I while ago I saw someone have their account on FA merged with another persons inactive account so I posted a thread asking if  giving an account was possible and apperantly it is so I was wondering if an admin could give me the account called Sigma.

From what I can see the account is inactive because it was made in 2006 and has no information other than the artist info being 'gone'.
If it is possible could you pm me asking for what details are needed and if it isn't possible could my future account (when registration is back up) be merged with that account?

Thanks


----------



## redfoxnudetoons (Aug 15, 2010)

PM an admin.


----------



## Sigma (Aug 15, 2010)

who and which though, I was told  to pm one but which one?


----------



## redfoxnudetoons (Aug 15, 2010)

Dragoneer, or any of the FA staff.


----------



## Tally (Aug 16, 2010)

Wouldn't that be unfair if the original owner decided to come back?


----------



## Candy (Aug 16, 2010)

Tally said:


> Wouldn't that be unfair if the original owner decided to come back?


After four years?

And I got the name Candy, which was an abandoned account from three years ago.


----------



## Tally (Aug 16, 2010)

Candy said:


> After four years?
> 
> And I got the name Candy, which was an abandoned account from three years ago.


 
I've seen people return to video games after three to four years of not playing.


----------



## Willow (Aug 16, 2010)

Tally said:


> Wouldn't that be unfair if the original owner decided to come back?


If the account is inactive then yea, they can do that. 

I believe that's how Ratte got her new account on FA. They can merge and give you accounts if they've gone without any activity for long periods of time.


----------



## Candy (Aug 16, 2010)

Tally said:


> I've seen people return to video games after three to four years of not playing.


Luckily for them, they can do that without getting the games taken away.

Honestly, I doubt someone would care. Or even remember their password.


----------



## yak (Aug 16, 2010)

No, accounts can not be merged. 
We can however give access to the account to anyone at request if the account shows no signs of activity for over a year. But that's just that, no merging or transferring of watches, comments, etc is done.


----------



## Willow (Aug 16, 2010)

yak said:


> No, accounts can not be merged.
> We can however give access to the account to anyone at request if the account shows no signs of activity for over a year. But that's just that, no merging or transferring of watches, comments, etc is done.

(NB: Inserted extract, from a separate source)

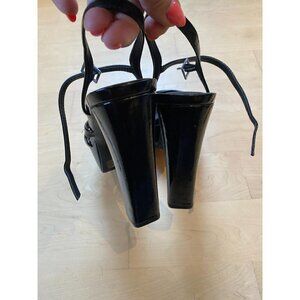 CHINESE Laundry New "Amella" Ankle Strap Black Platform Sandal Patent Heel
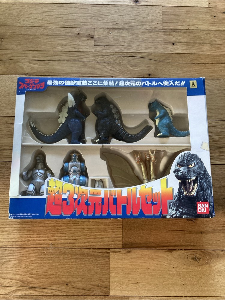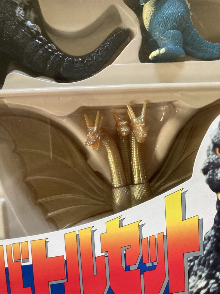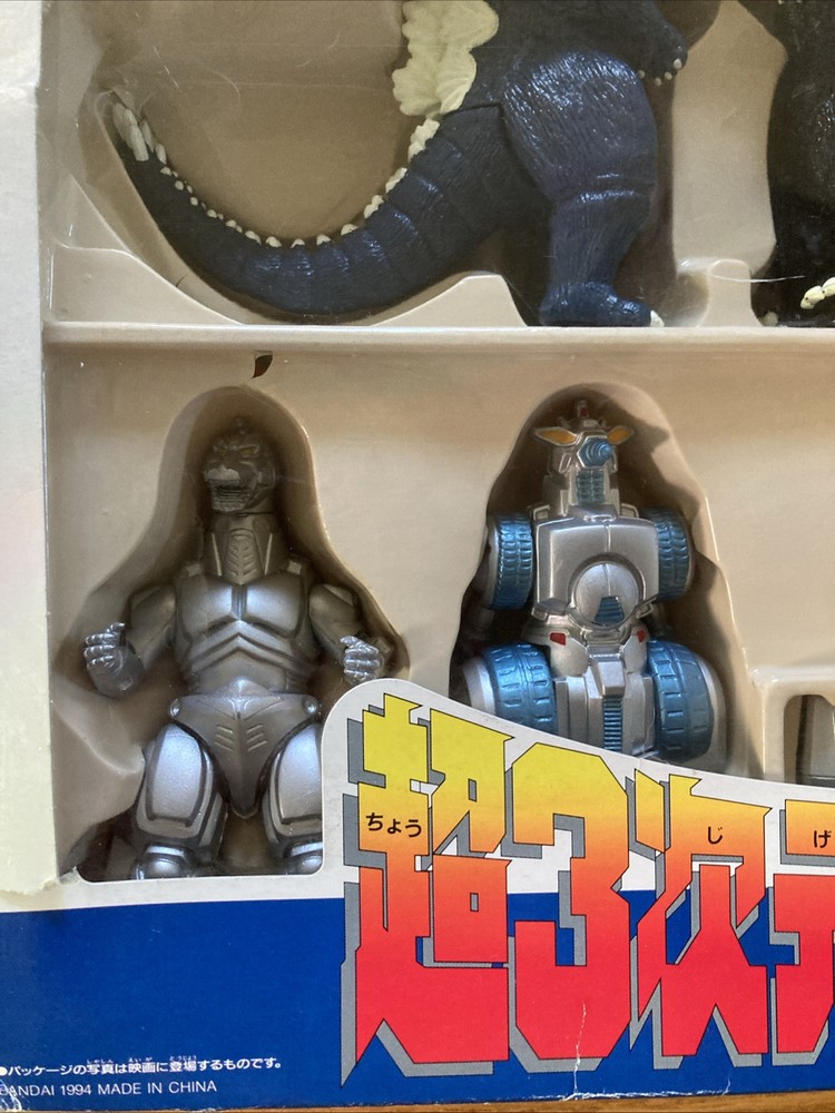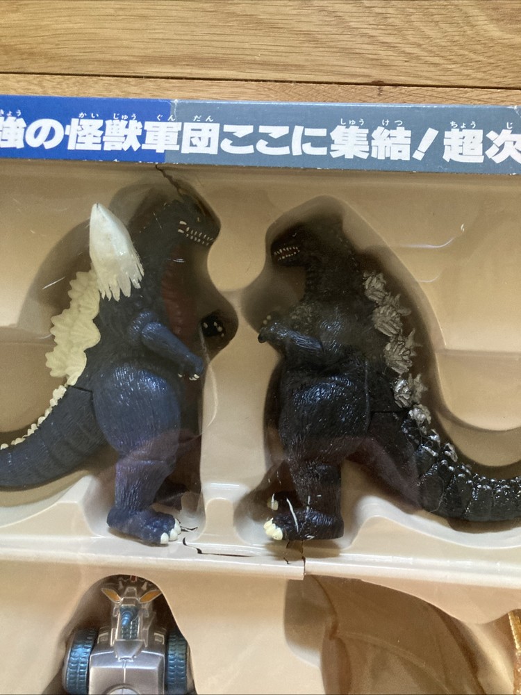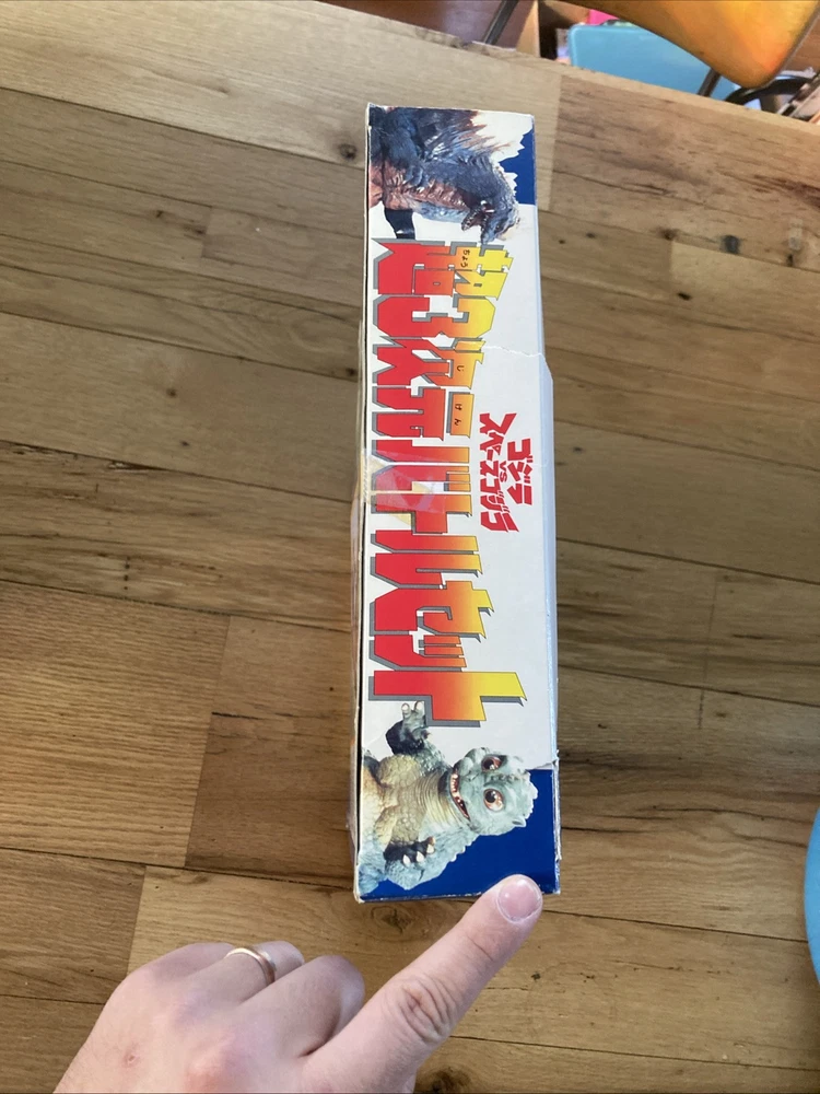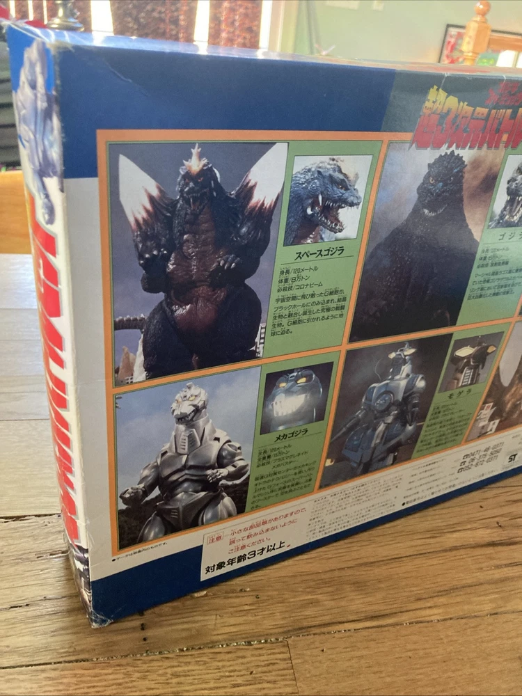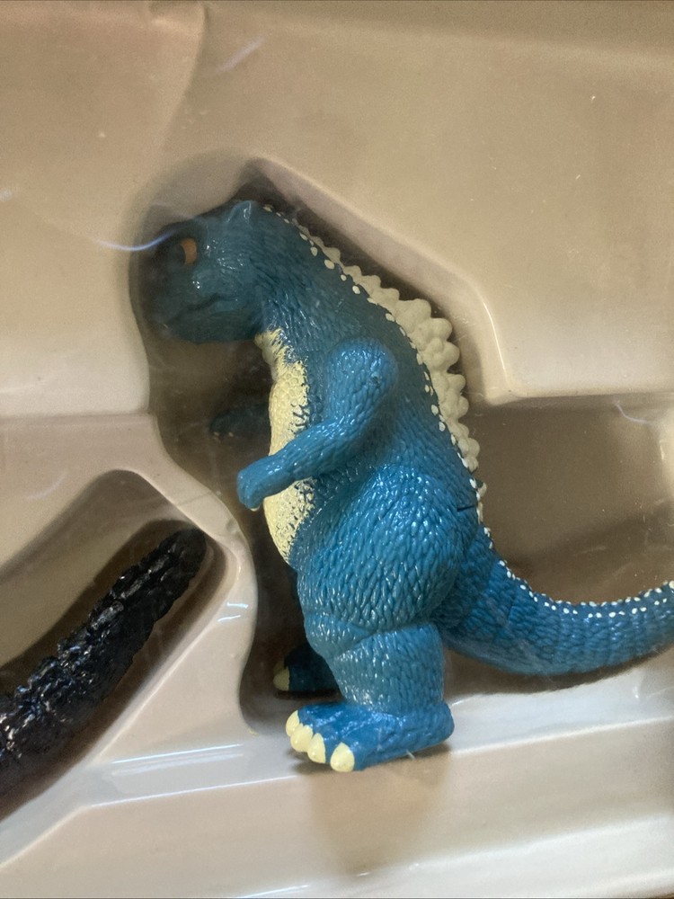This mini candy toy set from Bandai features the iconic Godzilla vs. SpaceGodzilla design and comes in its original box. Produced in 1994, this collectible set is perfect for fans of the Godzilla theme and mini candy toys alike. The set includes both Godzilla and SpaceGodzilla figures, making it a great addition to any collection. The Bandai brand is well-known for its high-quality products, and this mini candy toy set is no exception. The figures are beautifully designed and crafted, with attention to detail that will delight fans of the Godzilla series. With its original box, this set is a must-have for collectors of Godzilla memorabilia.

 Yea, but forum accounts can be merged can't they?


----------



## Sigma (Aug 16, 2010)

Well, could I have access to it?
I'll admit its primarily because I want an account called sigma.


----------



## Rakuen Growlithe (Aug 17, 2010)

Tally said:
			
		

> Wouldn't that be unfair if the original owner decided to come back?

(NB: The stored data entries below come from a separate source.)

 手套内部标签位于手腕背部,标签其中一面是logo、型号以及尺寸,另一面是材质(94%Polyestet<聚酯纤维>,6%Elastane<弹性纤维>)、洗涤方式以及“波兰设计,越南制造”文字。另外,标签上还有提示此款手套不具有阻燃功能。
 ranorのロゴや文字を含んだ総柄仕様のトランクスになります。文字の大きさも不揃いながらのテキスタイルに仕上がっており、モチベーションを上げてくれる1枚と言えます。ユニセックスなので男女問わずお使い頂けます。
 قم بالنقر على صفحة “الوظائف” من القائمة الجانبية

If they haven't posted anything then they aren't losing anything. If it was made in 2006 but had a couple of pictures posted in it then I doubt it would be given away.


----------



## Zerksis (Aug 17, 2010)

They will, you just have to ask. Just do your research first before you ask. If the account is over a year old, was never used once, what's the harm? It'll probably never be used, at least if it's given to someone who will use it then the account can contribute something to the site instead of just waste space.


----------



## Taralack (Aug 17, 2010)

The admins are able to see when the user has last logged in. As yak said, if an account has been logged into for the past year, it counts as being active despite the account not having favs or submissions. They could just be using it to access the adult content on FA.


----------